Inconscientemente seguía esperando que el casco de metal se vaporizara de pronto para reaparecer desparramado en el suelo. A fin de cuentas, aún estaba a decenas de metros de altura…

Debajo del cohete, en el suelo ahora libre de nieve, la negra vegetación estalló de pronto en llamas. Negras cenizas volaron desde la zona de aterrizaje, y el suelo fulguró brevemente. Poco después, el cilindro reluciente se posó suavemente en el centro del terreno desnudo. Segundos irás tarde, el estruendo, que se había transformado en un rugido más ensordecedor que los huracanes de Mesklin, cesó de golpe. Barlennan se relajó casi dolorosamente, abriendo y cerrando las pinzas para calmar los retortijones.

— Si aguardas un momento, saldré con las radios — dijo Lackland. El capitán no le había visto salir, pero el Volador ya no estaba en la habitación —. Mack conducirá el tanque hasta aquí… Puedes verle venir mientras yo me pongo la escafandra.

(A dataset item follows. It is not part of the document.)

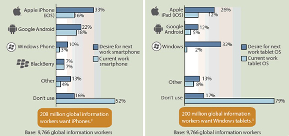 Si miramos hacía el futuro, un 33% de los encuestados dijo que en algún momento querría un iPhone como su próximo smartphone de trabajo, un porcentaje tan grande como el de los que desean teléfonos con los sistemas Android (22%) y Windows Phone (10%) juntos. En el segmento de las tablets, en cambio, las que funcionan con Windows están a la cabeza: un 32% de los encuestados preferiría una tablet Windows como su próximo dispositivo. Por otro lado, muchos de los que no tienen ya un iPad quieren usarlo en el futuro: hasta un 26% desea que su siguiente tablet sea un iPad, más del doble de los que dijeron que quieren una tableta Android.
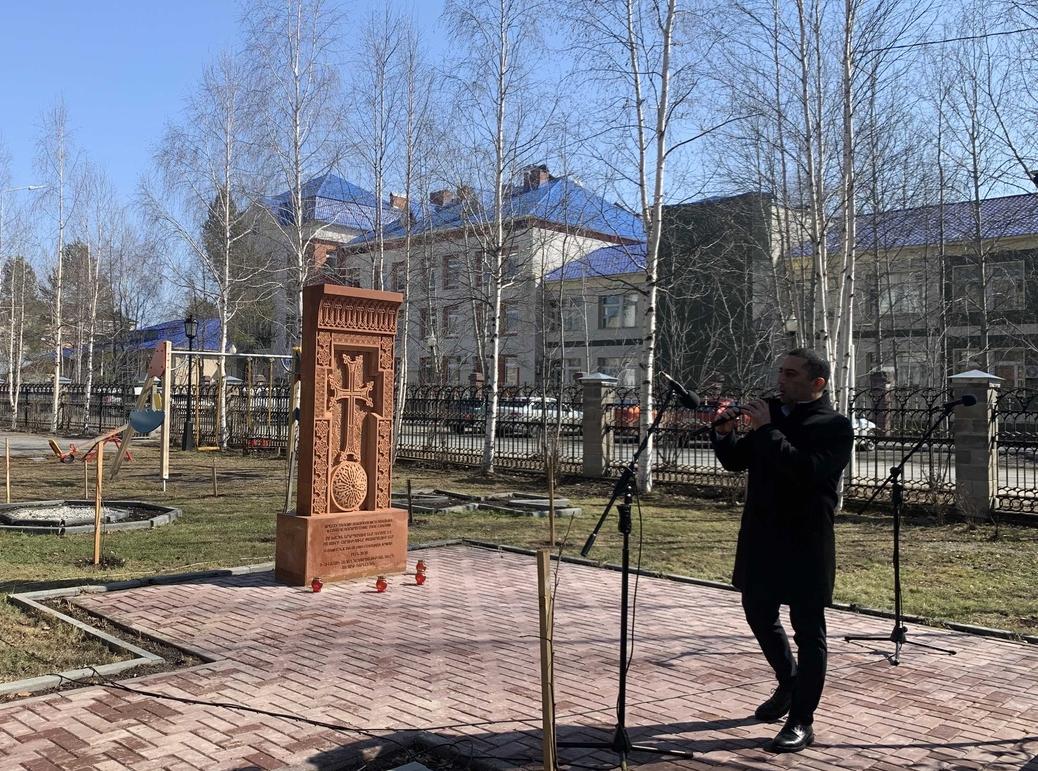Глава Белоярского района, представители армянской диаспоры, духовенство, общественники собрались сегодня у поклонного креста — хачкара, установленного во дворе храма преподобного Серафима Саровского.

Barlennan sólo pudo ver una parte del trayecto. Vio que la compuerta de carga del cohete se abría y el vehículo descendía; una buena ojeada le permitió comprender todo sobre él, o eso creía, excepto el funcionamiento de las orugas. Tenía el tamaño suficiente para albergar a varios miembros de la raza del Volador, a menos que estuviera atiborrado de maquinaria. Como el domo, tenía muchas y grandes ventanas; a través de una de ellas, el capitán vio, enfundada en su escafandra, la figura de otro Volador que, aparentemente, controlaba el vehículo. La máquina no hacía ruido suficiente para ser audible en el kilómetro de espacio que aún la separaba del domo.

Recorrió muy poca de esa distancia antes de la puesta del sol, y los detalles dejaron de ser visibles. Esstes, el sol más pequeño, aún estaba en el cielo y brillaba más que la luna llena de la Tierra, pero los ojos de Barlennan tenían sus limitaciones. El tanque proyectaba un intenso haz de luz hacia el domo, lo cual tampoco ayudaba. Barlennan esperó. A fin de cuentas, el vehículo aún estaba demasiado lejos para estudiarlo bien, incluso a plena luz del día, y sin duda llegaría a la Colina al amanecer.